* [ACTIVITY]
For the listing below, the answer is an exact retyping of the lines from the one with "originally inspired by" through the one with "Experience a delightful", both included, without pictures.

━━ DATA FOR THIS TASK

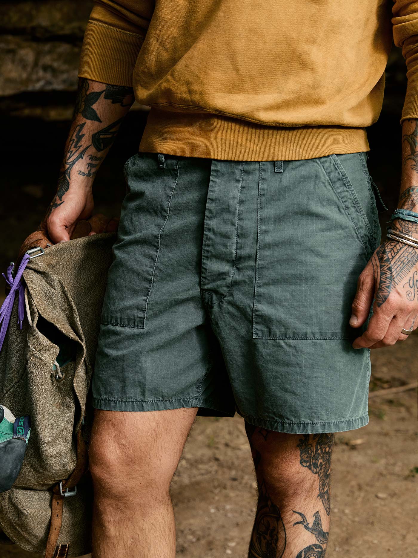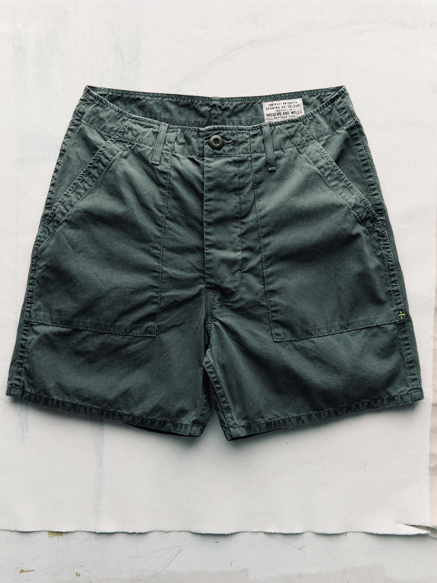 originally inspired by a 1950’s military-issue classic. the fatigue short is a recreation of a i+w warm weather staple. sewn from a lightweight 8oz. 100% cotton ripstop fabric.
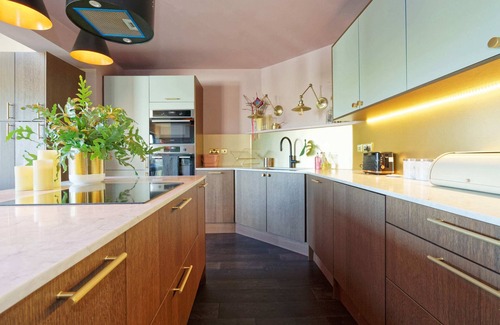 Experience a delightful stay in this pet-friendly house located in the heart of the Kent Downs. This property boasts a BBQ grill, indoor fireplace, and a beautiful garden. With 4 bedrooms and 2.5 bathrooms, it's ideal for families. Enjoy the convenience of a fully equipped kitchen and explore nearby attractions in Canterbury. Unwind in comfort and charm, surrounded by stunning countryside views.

━━━━
━━ DATA FOR THIS TASK

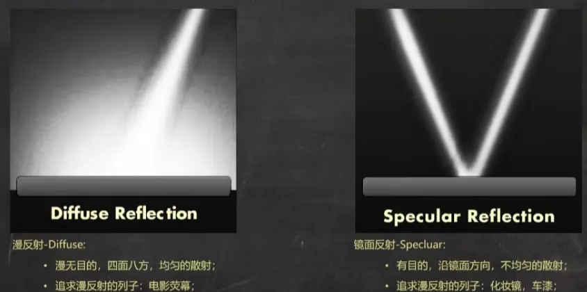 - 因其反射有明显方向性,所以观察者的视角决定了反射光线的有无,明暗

━━━━

* [EXPECTED OUTPUT]
 originally inspired by a 1950’s military-issue classic. the fatigue short is a recreation of a i+w warm weather staple. sewn from a lightweight 8oz. 100% cotton ripstop fabric.
 Experience a delightful stay in this pet-friendly house located in the heart of the Kent Downs. This property boasts a BBQ grill, indoor fireplace, and a beautiful garden. With 4 bedrooms and 2.5 bathrooms, it's ideal for families. Enjoy the convenience of a fully equipped kitchen and explore nearby attractions in Canterbury. Unwind in comfort and charm, surrounded by stunning countryside views.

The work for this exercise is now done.